# 11 season band drought ended!



## Garyoutlaw77 (Feb 3, 2005)

Well after 11 seasons I got my first Duck band & my buddy got his first Black Duck in the same day


----------



## beatsworkin (Apr 12, 2004)

Nice pile of birds, what county where you in? I've seen a ton of black ducks around here on the non huntable wetlands.

There were more than 2 of you hunting, right?! Congratulations on the band, I got my second last year at Deer Creek, was banded in Ontario about half way between the north shore of Erie and James Bay and was hatched the same years as banded.


----------



## Garyoutlaw77 (Feb 3, 2005)

4 guys 11 Drakes 2 Blacks could have whacked a ton but waited for the drakes and passed on a pile of the jack's & hens - Licking co.


----------



## beatsworkin (Apr 12, 2004)

Nice! Those types of hunts don't happen often enough for me. I really like the black ducks, I never really see them much other than on the small creeks and off-limit wetlands around here. 

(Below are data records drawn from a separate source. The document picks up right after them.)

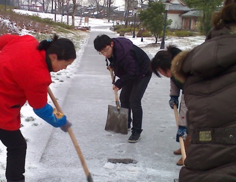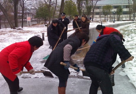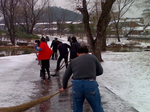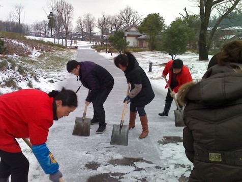 雖然每當(dāng)大雪覆蓋,公司也有嚴(yán)明的經(jīng)律,各管理處必須第一時(shí)間將所在管理處的門前和通道清理干凈,各管理處還是在完成好自己職責(zé)的情況下抽調(diào)精兵強(qiáng)將,保證重點(diǎn)、全力以赴。公司在短短的2 個(gè)小時(shí)時(shí)間里調(diào)集23名員工,下午1點(diǎn)及時(shí)趕赴采石風(fēng)景區(qū)翠螺灣。在細(xì)雨薄霧中,經(jīng)過(guò)4 個(gè)小時(shí)的緊張戰(zhàn)斗,3000多米的游道終于掀起神秘的面紗,一條清晰的道路展現(xiàn)出來(lái)!受到風(fēng)景區(qū)領(lǐng)導(dǎo)的一致好評(píng)!
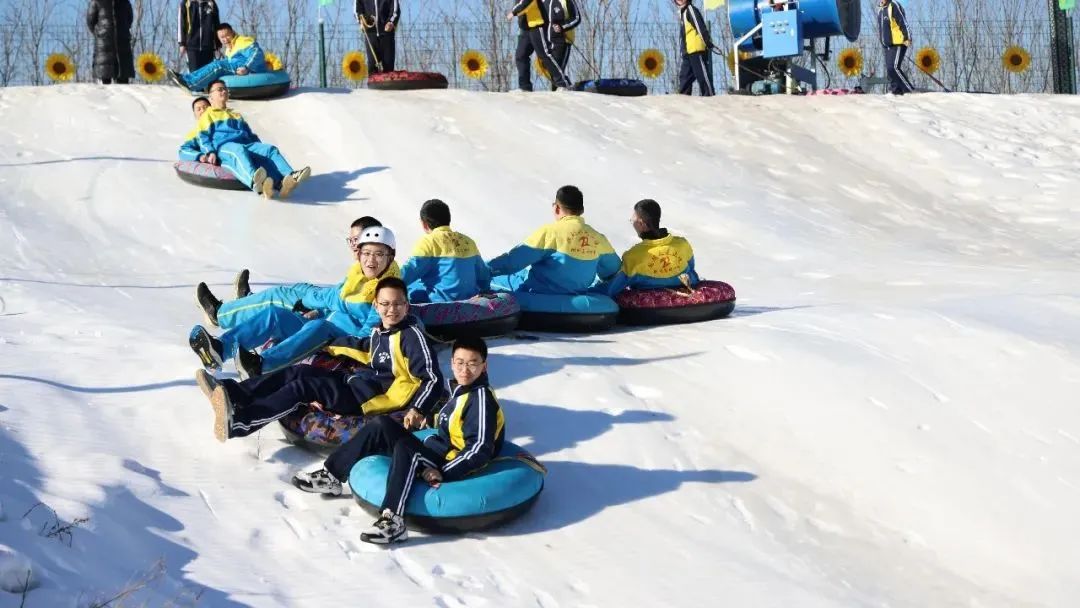 滑雪场内,白雪皑皑,百余名青少年穿好滑雪装备、严阵以待。对于初次接触滑雪的他们来说,雪上的每一个动作都充满了新奇与挑战。在教练的耐心教导和鼓励下,大家勇敢又小心翼翼地迈出了第一步,认真学习动作要领,有序畅快滑行,尽情释放活力,享受在冰雪中驰骋的快乐。紧张、认真的学习之余,大家还体验了趣味雪圈项目,尽享冰雪滑梯带来的“速度与激情”,在欢声笑语中锻炼了团队协作能力。
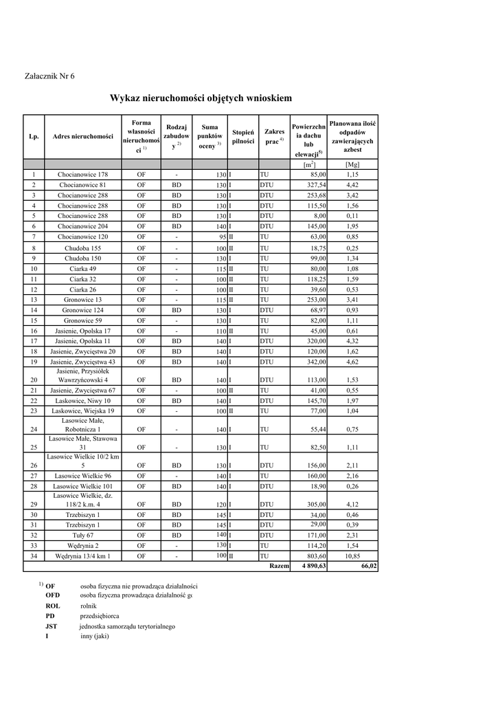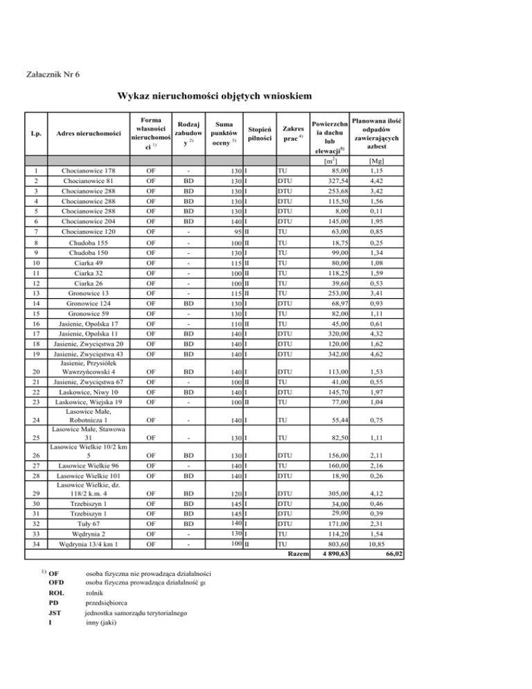 Załacznik Nr 6 Wykaz nieruchomości objętych wnioskiem Forma Rodzaj własności zabudow nieruchomoś y 2) ci 1) Suma punktów oceny 3) Stopień pilności Lp. Adres nieruchomości 1 Chocianowice 178 OF - 2 Chocianowice 81 OF BD 3 Chocianowice 288 OF BD 4 Chocianowice 288 OF BD 5 Chocianowice 288 OF BD 6 Chocianowice 204 OF BD 7 Chocianowice 120 OF - 95 II 8 Chudoba 155 OF - 9 Chudoba 150 OF - 10 Ciarka 49 OF - 11 Ciarka 32 OF - 12 Ciarka 26 OF - 13 Gronowice 13 OF - 14 Gronowice 124 OF BD 15 Gronowice 59 OF - 16 Jasienie, Opolska 17 OF - 17 Jasienie, Opolska 11 OF BD 18 Jasienie, Zwycięstwa 20 OF BD 19 OF BD 20 Jasienie, Zwycięstwa 43 Jasienie, Przysiółek Wawrzyńcowski 4 OF BD 21 Jasienie, Zwycięstwa 67 OF - 22 Laskowice, Niwy 10 OF BD 23 OF 26 Laskowice, Wiejska 19 Lasowice Małe, Robotnicza 1 Lasowice Małe, Stawowa 31 Lasowice Wielkie 10/2 km 5 27 Lasowice Wielkie 96 28 Zakres prac 4) Powierzchn Planowana ilość odpadów ia dachu zawierających lub azbest elewacji5) [Mg] [m2] 130 I 130 I TU 85,00 1,15 DTU 327,54 4,42 130 I 130 I DTU 253,68 3,42 DTU 115,50 1,56 130 I 140 I DTU 8,00 0,11 DTU 145,00 1,95 TU 63,00 0,85 100 II 130 I TU 18,75 0,25 TU 99,00 1,34 115 II 100 II TU 80,00 1,08 TU 118,25 1,59 100 II 115 II TU 39,60 0,53 TU 253,00 3,41 130 I 130 I DTU 68,97 0,93 TU 82,00 1,11 110 II 140 I TU 45,00 0,61 DTU 320,00 4,32 140 I 140 I DTU 120,00 1,62 DTU 342,00 4,62 140 I 100 II DTU 113,00 1,53 41,00 0,55 DTU 145,70 1,97 - 140 I 100 II TU 77,00 1,04 OF - 140 I TU 55,44 0,75 OF - 130 I TU 82,50 1,11 OF BD 156,00 2,11 - 130 I 140 I DTU OF TU 160,00 2,16 OF BD 140 I DTU 18,90 0,26 29 Lasowice Wielkie 101 Lasowice Wielkie, dz. 118/2 k.m. 4 OF BD 305,00 4,12 Trzebiszyn 1 OF BD 120 I 145 I DTU 30 DTU 0,46 31 Trzebiszyn 1 OF BD DTU 32 Tuły 67 OF BD DTU 171,00 2,31 33 Wędrynia 2 OF - 145 I 140 I 130 I 34,00 29,00 TU 114,20 1,54 34 Wędrynia 13/4 km 1 OF - 100 II TU 803,60 4 890,63 10,85 24 25 TU Razem 1) OF OFD osoba fizyczna nie prowadząca działalności osoba fizyczna prowadząca działalność gospodarczą ROL rolnik PD przedsiębiorca JST I jednostka samorządu terytorialnego inny (jaki) 0,39 66,02 2) BD budynek niezwiązany z prowadzoną działalnością gospodarczą lub rolniczą D budynek związany z prowadzoną działalnością gospodarczą lub rolniczą 3) suma punktów uzyskana w drodze oceny stanu i możliwości bezpiecznego użytkowania wyrobów zawierających azbest, dokonanej zgodnie z Rozporządzeniem Ministra Gospodarki z dnia 5 sierpnia 2010 r. zmieniające rozporządzenie w sprawie sposobów i warunków bezpiecznego użytkowania i usuwania wyrobów zawierających azbest (Dz. U. Nr 162, poz. 4) 1089) DTU w przypadku, gdy będzie realizowany demontaż, transport, unieszkodliwienie lub zabezpieczenie wyrobów azbestowych 5) TU w przypadku, gdy będzie realizowane tylko zbieranie, transport i unieszkodliwienie wyrobów azbestowych w przypadku demontazu wyrobów z dachu lub elewacji należy podać powierzchnię dachu lub elewacji (a nie powierzchnię wyrobów płyt). W przypadku zebrania wcześniej zdemontowanych wyrobów należy podac powierzchnię wyrobów (np. płyt) pieczęć firmowa

Maybe tomorrow is the day that something other than just mallards come to my pond/wetland.


----------



## freyedknot (Apr 10, 2004)

nice bunch of ducks you have there. is the y launch still open? heard it was closing. or did you launch at macky ford wildlife area? i like the duck goose field by the racetrack.


----------



## Garyoutlaw77 (Feb 3, 2005)

Not hunting public along Scioto - water looks good though


----------